Il Sole 27.10.16
Calais, la Giungla non c’è più ma restano i problemi
Resistenza allo sgombero
di Marco Moussanet
PARIGI
- La “giungla” di Calais non c’è più. O almeno questa è la
comunicazione ufficiale, perché nella realtà le cose sono un po’ più
complicate.
Alle 13 e 30 di ieri - in largo anticipo rispetto ai
programmi, secondo i quali lo sgombero sarebbe durato tutta la settimana
– il prefetto di Arras che si è occupato di organizzare e gestire
l’intera operazione, Fabienne Buccio, ha annunciato, in un’improvvisata
conferenza stampa ai margini di quella che era la più grande e ignobile
bidonville d’Europa, «la fine della giungla». Aggiungendo che il centro
di smistamento allestito in un grande hangar a 300 metri dal campo –
dove i migranti hanno dovuto registrarsi prima di salire sugli autobus e
avviarsi verso i 450 centri di accoglienza e orientamento (Cao)
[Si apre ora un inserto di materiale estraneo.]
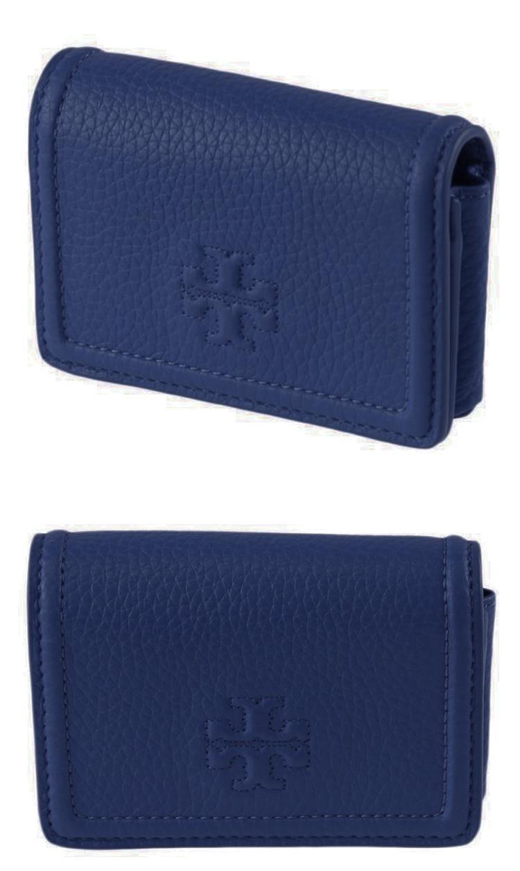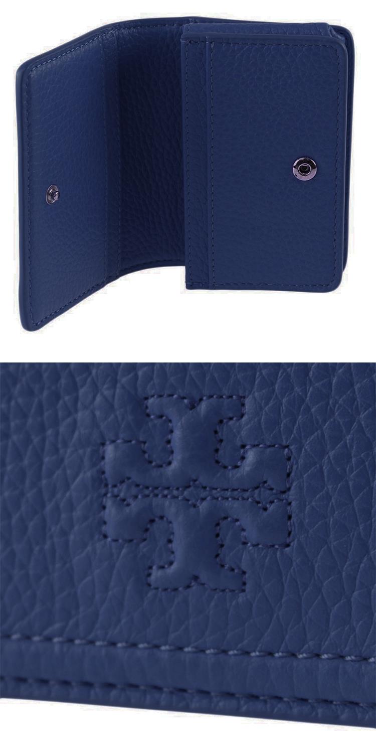Tory burch 雙T-LOGO素面皮革短夾-深藍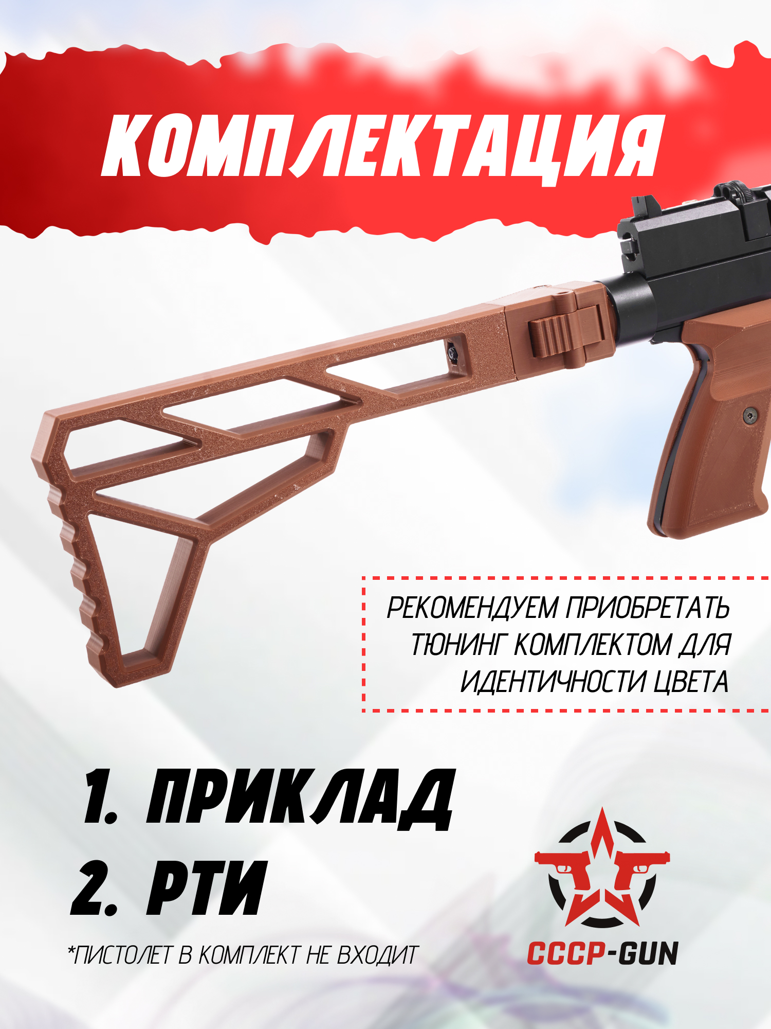 Обозреваемый обвес от компании Zark устанавливается на пистолет при помощи штатного переходника с адаптером. Для фиксации необходимо вкрутить крепеж основания приклада в посадочное гнездо, избегая перекосов и перетягивания резьбы. Чтобы обеспечить плотное совмещение деталей, производитель добавил в набор проставочные кольца.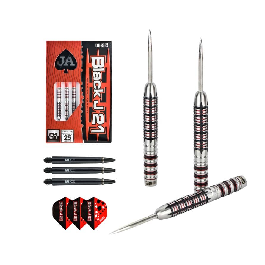 One80 hat die Black J21 Serie mit 4 unterschiedlichen Barrels auf den Markt gebracht. Jedes Barrel verfügt über eine eigene Form, sodass du die Wahl aus unterschiedlichem Grip und Design hast. Farblich wurde der Dart mit einem silbernen Barrel versehen der als optische Highlights schwarze und rote Ringe aufweist. Die Barrels haben 3 unterschiedliche Grip Zonen, was dir sehr guten Halt bietet.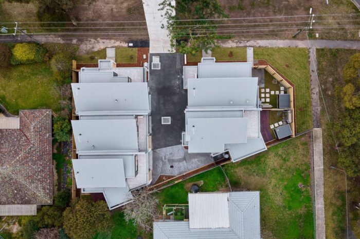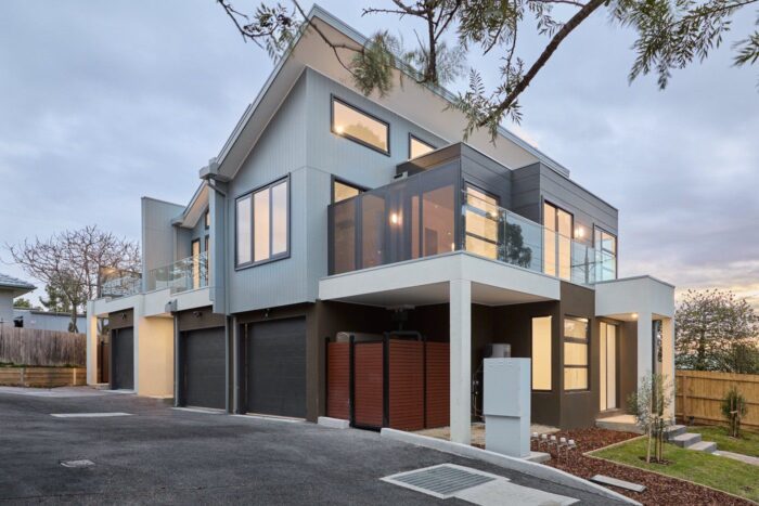 Built on an irregular corner block, this striking contemporary Lilydale 5-townhouse development showcases the architect’s skills at their best.
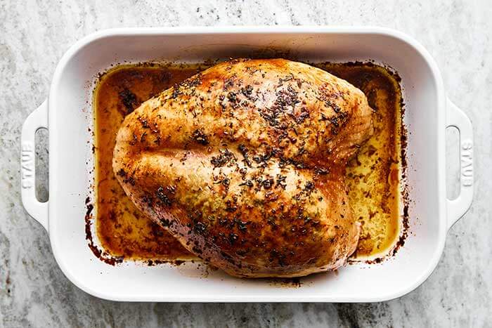 - There’s no need to brine the turkey beforehand or baste the turkey while roasting (though of course you can if you’d like), as the herb butter mixture keeps the turkey breast moist as it cooks in the oven.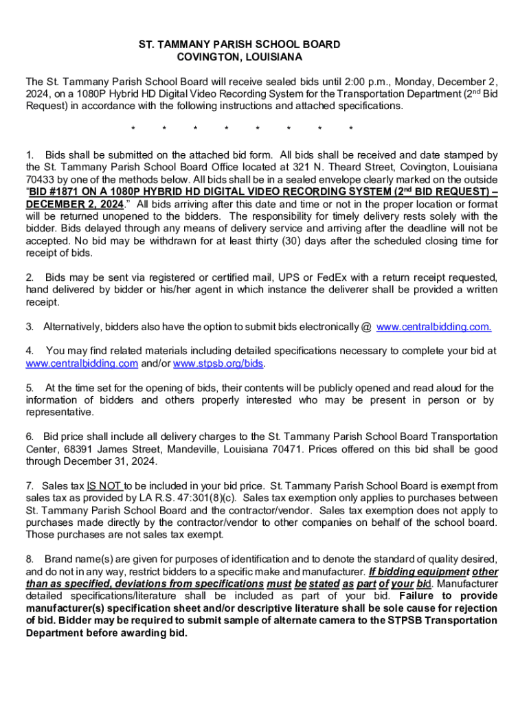 ST. TAMMANY PARISH SCHOOL BOARD COVINGTON, LOUISIANA The St. Tammany Parish School Board will receive sealed bids until 2:00 p.m., Monday, December 2, 2024, on a 1080P Hybrid HD Digital Video Recording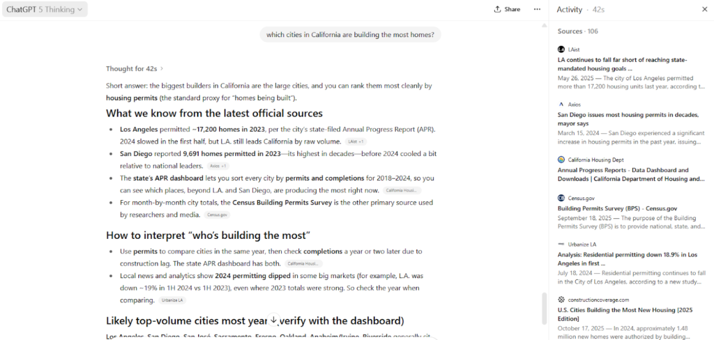 What this tells us? ChatGPT rewards localized data studies, specifically on real estate. Aim outreach at local and state outlets.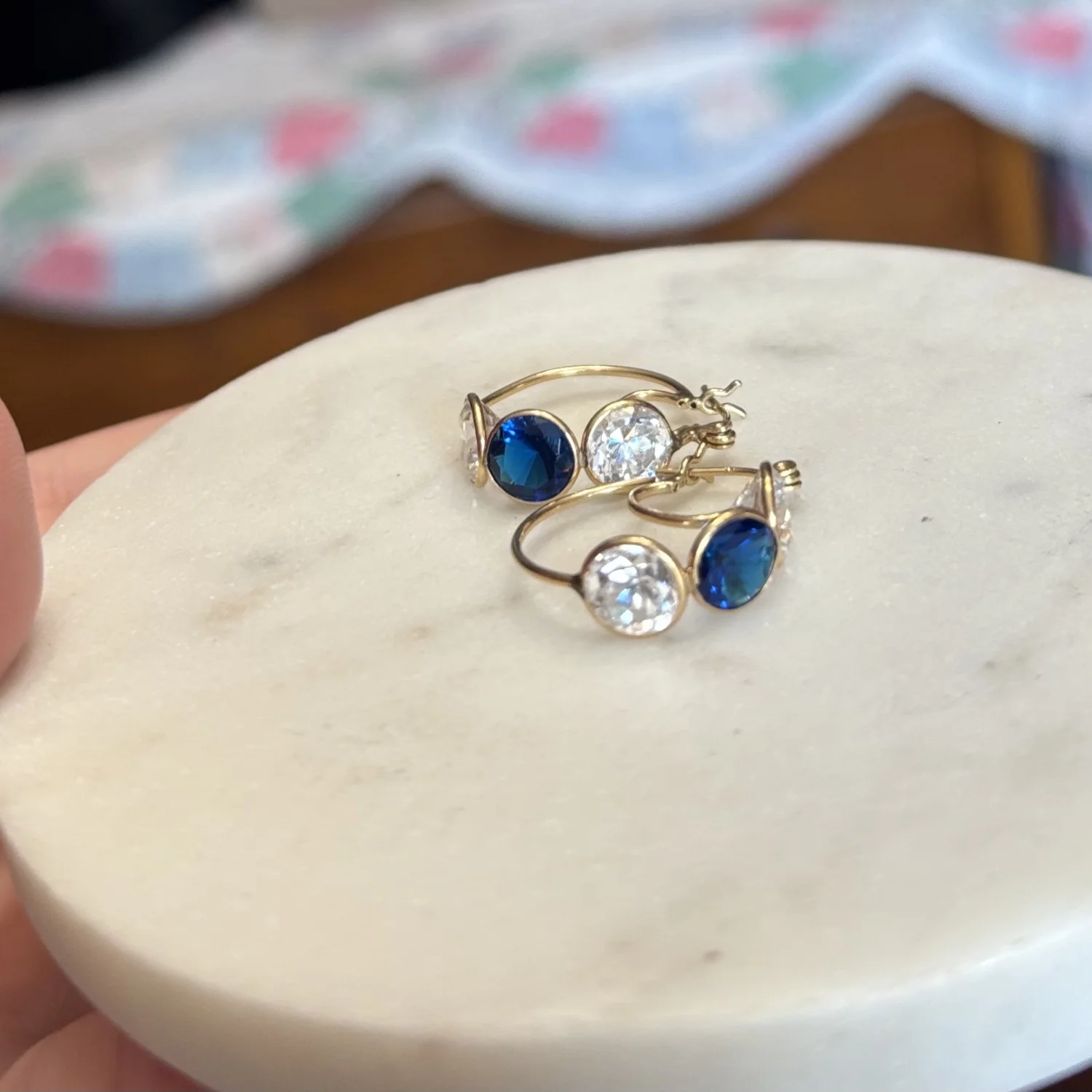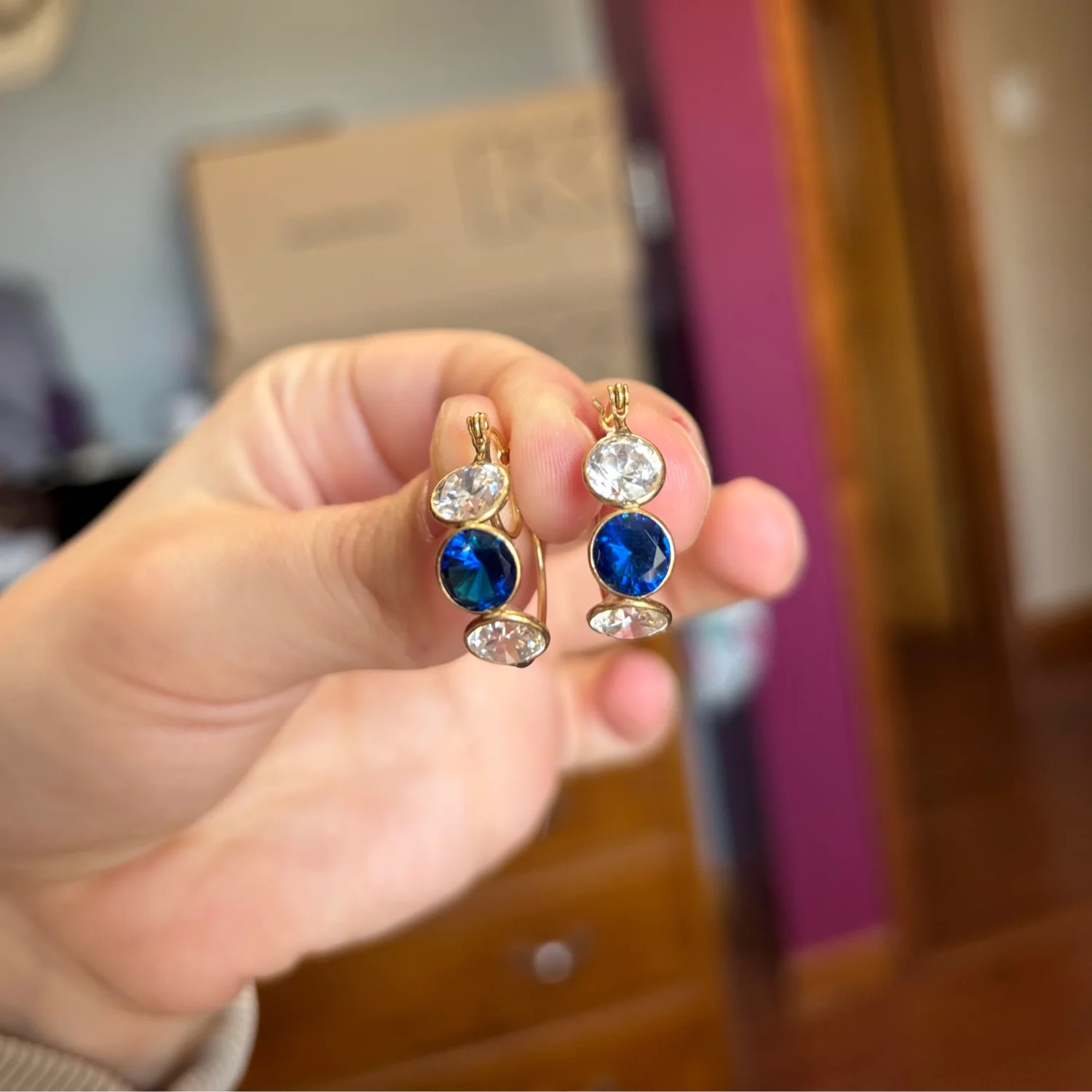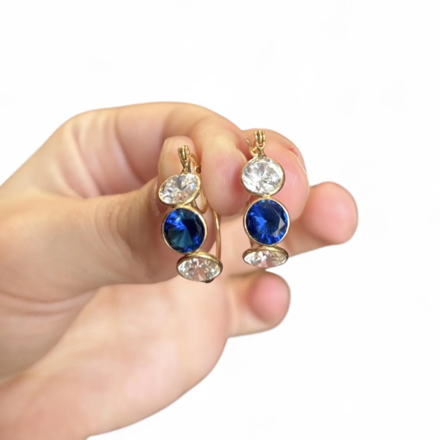 These vintage gold hoop earrings feature a three-stone bezel setting with alternating blue and clear round gemstones in a gold-tone finish. Rare, stylish, 70s vintage earrings, good condition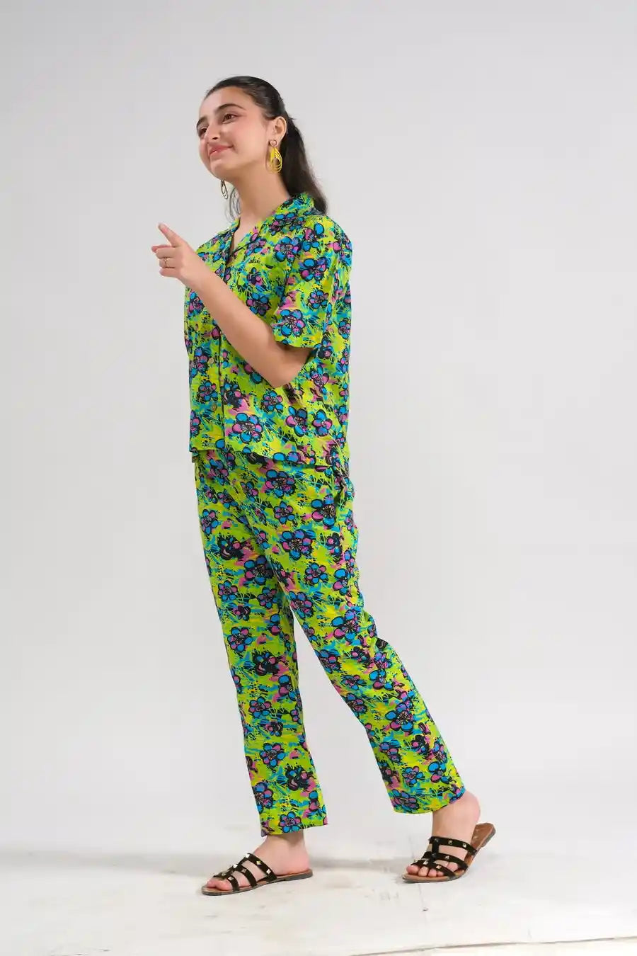 Stand out in this striking neon green co-ord set featuring abstract floral prints. Designed for energetic kids with a love for bold fashion, it ensures they make a lively statement during playdates, parties, or any fun summer adventure.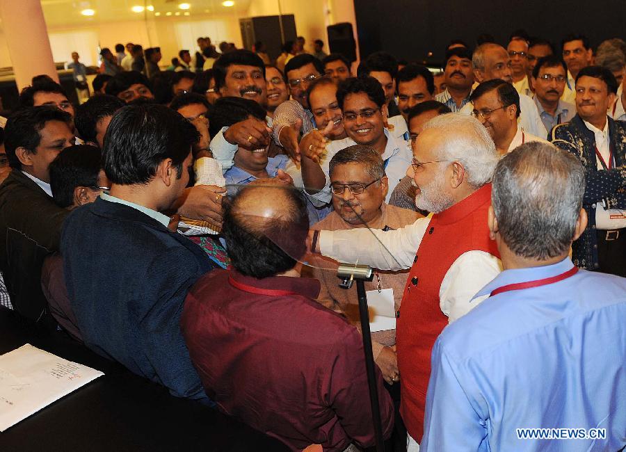 Indian Prime Minister Narendra Modi (2nd R, front) greets scientists after the Mars Orbiter spacecraft successfully entered the Mars orbit at the Indian Space Research Organisation's Telemetry, Tracking and Command Network in Bangalore, India, Sept. 24, 2014. India Wednesday scripted history by becoming the world's first country to reach Mars in its maiden attempt. (Xinhua/Indian Press Information Bureau)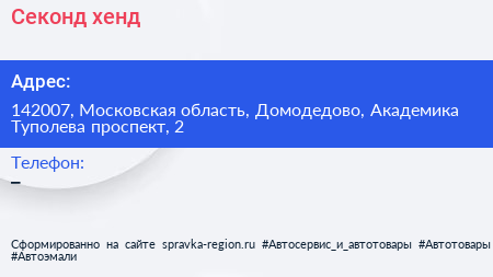 Секонд-хенд по адресу 142007, Московская область, Домодедово, Академика Туполева проспект, 2 в дальнейшем Организация, размещена в следующих категориях:

disseminati nel Paese – «chiuderà in serata, quando non ci sarà più
nessuno in attesa e tutti saranno stati trasferiti».
La “grande
evacuazione” è quindi terminata. Apparentemente con successo, visto che
quasi 6mila immigrati adulti hanno abbandonato il freddo, la sporcizia e
le violenze della “giungla” e sono stati «messi al riparo» nei Cao. Ai
quali si aggiungono circa mille minorenni, o presunti tali, ospitati nei
container a un passo dalla baraccopoli in attesa che venga verificata
la possibilità per loro di raggiungere un parente in Gran Bretagna. Come
dovrebbe avvenire per la grande maggioranza e com’è previsto dagli
accordi tra Parigi e Londra. Mentre il personale della Protezione civile
ha iniziato a demolire tende e baracche. E le ruspe stanno pian piano
ripulendo l’intera area.
Ma la realtà è, appunto, più articolata.
Verso le quattro di ieri pomeriggio – dopo aver interamente sgombrato la
“giungla” per consentire ai vigili del fuoco di spegnere i numerosi
incendi appiccati dai migranti che prima di andarsene hanno dato fuoco
ai loro rifugi – la polizia ha abbandonato i varchi di ingresso
all’accampamento. E centinaia di migranti sono rientrati. Alcuni per
recuperare le loro cose e mettersi in coda al Centro di smistamento.
Altri, gli irriducibili, perché non hanno alcuna intenzione di rimanere
in Francia e abbandonare l’obiettivo di andare in Gran Bretagna.
È
possibile che questi ultimi – tra cui molti afghani, all’origine di
parte degli incendi che per alcune ore hanno dato alla “giungla”
l’immagine di una zona di guerra, con un denso fumo nero e i botti
provocati dall’esplosione di bombole di gas – decidano di rimanere nel
campo e ingaggiare lo scontro con la polizia. Più probabilmente, come
alcuni di loro hanno peraltro detto chiaramente, se ne andranno solo per
spostarsi di qualche chilometro e tornare appena possibile. Per
riprendere i tentativi di salire su un camion o su un ferry diretti
oltre Manica.
Nei prossimi giorni spetterà quindi alla polizia,
che ha predisposto apposite pattuglie “anti-squat”, perlustrare i
dintorni della “ex giungla” per verificare che non vengano costituiti
altri campi, certo molto più piccoli, e intercettare i migranti. Che a
quel punto – terminata l’operazione umanitaria e lontano dalle
telecamere – verranno fermati in vista di una possibile espulsione.
Compito
sicuramente non facile, visto che da oltre vent’anni questo pezzo di
litorale francese è preso d’assalto dagli immigrati, con accampamenti
che vengono continuamente creati e smantellati. E nulla consente di
prevedere che questo non accadrà più. Tutt’altro.